Features of intervention studies
Note. SR = struggling readers; NR = not reported; LD = learning disabilities; disab. = disabilities.
Study included in the meta-analysis.
This study was conducted outside the United States; therefore, Years 4 through 7 may be a slightly different age range than Grades 4 through 7 in the United States.
Study design
The corpus of studies included 11 treatment and comparison, 1 multiple-treatment, 1 single-subject, and 6 single-group design studies. Twelve of the group design studies randomly assigned participants to conditions, and 10 of these studies included a comparison group with sufficient data for calculating effect sizes. Eleven of the studies reported the fidelity of implementation for the intervention. Seventeen of the studies used standardized reading assessments to measure student outcomes following intervention. Random assignment to treatment, fidelity data collection, and use of reliable and valid standardized measures are three elements of high-quality studies that improve the validity of the findings (Gersten et al., 2005; IES, 2008).
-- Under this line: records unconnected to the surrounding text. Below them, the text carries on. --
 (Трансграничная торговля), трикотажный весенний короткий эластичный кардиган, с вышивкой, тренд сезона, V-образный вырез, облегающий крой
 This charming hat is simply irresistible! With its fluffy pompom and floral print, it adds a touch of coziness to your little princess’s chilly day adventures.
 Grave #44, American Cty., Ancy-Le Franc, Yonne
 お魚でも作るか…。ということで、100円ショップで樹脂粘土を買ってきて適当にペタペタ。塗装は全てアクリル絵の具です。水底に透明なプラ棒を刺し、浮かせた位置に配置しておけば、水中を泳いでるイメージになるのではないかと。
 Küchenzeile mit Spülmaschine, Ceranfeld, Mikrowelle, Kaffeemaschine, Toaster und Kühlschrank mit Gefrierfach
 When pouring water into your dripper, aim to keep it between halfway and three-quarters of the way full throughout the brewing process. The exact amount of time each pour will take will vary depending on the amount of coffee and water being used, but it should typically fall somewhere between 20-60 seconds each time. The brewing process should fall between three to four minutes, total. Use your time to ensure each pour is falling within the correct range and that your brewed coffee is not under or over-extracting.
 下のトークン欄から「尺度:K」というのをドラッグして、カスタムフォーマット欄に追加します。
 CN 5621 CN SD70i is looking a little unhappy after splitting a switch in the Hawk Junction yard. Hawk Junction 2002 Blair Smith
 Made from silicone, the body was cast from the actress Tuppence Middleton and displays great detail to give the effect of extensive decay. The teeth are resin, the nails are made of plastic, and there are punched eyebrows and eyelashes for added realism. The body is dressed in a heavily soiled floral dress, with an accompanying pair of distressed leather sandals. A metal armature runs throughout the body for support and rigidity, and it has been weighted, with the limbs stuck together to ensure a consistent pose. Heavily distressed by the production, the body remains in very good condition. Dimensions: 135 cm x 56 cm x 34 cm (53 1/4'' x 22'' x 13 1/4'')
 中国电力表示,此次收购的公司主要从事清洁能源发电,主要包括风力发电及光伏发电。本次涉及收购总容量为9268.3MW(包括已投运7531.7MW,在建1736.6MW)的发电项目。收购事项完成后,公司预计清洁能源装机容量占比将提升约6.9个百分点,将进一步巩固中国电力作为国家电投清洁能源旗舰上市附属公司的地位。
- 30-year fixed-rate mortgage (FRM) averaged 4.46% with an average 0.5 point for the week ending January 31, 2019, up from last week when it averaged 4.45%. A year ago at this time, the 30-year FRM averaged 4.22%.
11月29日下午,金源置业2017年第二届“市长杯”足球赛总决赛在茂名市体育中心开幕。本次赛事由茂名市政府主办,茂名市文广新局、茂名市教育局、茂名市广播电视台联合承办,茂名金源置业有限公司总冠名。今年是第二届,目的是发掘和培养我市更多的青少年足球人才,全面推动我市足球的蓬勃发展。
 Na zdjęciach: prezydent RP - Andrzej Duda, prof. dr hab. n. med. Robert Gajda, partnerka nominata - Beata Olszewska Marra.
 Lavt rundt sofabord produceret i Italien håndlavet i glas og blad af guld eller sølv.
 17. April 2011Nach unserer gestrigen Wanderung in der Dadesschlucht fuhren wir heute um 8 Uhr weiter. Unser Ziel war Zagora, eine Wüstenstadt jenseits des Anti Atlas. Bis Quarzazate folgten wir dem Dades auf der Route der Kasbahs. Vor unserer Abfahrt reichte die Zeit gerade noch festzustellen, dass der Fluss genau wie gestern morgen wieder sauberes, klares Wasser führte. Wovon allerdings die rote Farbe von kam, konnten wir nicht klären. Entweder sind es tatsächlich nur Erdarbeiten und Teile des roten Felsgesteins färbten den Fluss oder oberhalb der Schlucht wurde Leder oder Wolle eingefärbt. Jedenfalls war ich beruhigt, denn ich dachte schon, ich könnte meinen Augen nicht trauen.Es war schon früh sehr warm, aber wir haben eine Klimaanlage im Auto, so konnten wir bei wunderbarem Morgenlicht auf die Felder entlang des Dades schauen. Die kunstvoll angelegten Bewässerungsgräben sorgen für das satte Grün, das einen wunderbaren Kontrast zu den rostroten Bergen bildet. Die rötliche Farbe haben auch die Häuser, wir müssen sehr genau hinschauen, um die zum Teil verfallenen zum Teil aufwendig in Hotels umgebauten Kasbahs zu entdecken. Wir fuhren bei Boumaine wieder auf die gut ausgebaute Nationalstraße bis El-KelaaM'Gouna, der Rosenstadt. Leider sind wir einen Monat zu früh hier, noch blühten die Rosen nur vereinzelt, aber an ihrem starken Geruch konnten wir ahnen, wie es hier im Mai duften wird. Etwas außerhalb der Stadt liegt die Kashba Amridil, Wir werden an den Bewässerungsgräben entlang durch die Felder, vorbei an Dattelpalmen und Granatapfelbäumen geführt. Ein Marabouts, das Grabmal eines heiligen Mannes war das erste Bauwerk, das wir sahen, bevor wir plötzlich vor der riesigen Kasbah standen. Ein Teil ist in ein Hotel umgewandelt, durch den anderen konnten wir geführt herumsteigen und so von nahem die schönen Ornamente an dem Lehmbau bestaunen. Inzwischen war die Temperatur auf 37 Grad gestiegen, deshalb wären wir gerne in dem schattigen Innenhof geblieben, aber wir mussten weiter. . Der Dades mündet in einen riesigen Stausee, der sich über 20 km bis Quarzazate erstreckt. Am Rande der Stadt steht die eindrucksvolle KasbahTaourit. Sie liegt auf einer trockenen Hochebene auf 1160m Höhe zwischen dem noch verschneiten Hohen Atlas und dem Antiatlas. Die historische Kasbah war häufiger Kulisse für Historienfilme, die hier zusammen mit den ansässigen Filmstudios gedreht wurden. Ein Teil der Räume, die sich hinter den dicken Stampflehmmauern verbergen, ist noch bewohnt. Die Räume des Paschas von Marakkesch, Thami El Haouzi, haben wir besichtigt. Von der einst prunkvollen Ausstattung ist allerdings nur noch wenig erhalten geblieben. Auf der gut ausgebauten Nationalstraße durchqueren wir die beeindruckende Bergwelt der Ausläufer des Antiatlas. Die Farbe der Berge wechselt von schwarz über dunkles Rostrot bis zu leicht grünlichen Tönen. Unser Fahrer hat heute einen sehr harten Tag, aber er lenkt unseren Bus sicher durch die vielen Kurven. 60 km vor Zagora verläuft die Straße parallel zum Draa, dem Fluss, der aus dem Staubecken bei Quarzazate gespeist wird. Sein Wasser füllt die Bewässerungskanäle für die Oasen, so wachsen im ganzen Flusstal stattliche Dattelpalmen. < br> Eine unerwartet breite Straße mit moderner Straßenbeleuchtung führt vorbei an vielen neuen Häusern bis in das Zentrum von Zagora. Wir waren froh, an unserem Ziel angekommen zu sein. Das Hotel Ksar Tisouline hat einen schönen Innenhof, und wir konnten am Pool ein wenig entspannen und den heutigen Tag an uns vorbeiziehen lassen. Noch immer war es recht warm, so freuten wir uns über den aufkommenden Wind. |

The 10 studies included in the meta-analysis randomly assigned students to conditions, reported implementation fidelity, and measured student outcomes with standardized measures.
Sample
The 19 studies included 9,371 students, with sample sizes ranging from 4 to 5,595. Nine of the 19 samples included only students with identified disabilities, largely students with LD. The majority of the studies were conducted in Grades 6 to 8, with 10 studies including one or more of these grades. Six studies included students below Grade 6, and 3 studies included students in ninth grade. No studies examined extensive interventions in Grades 10 through 12.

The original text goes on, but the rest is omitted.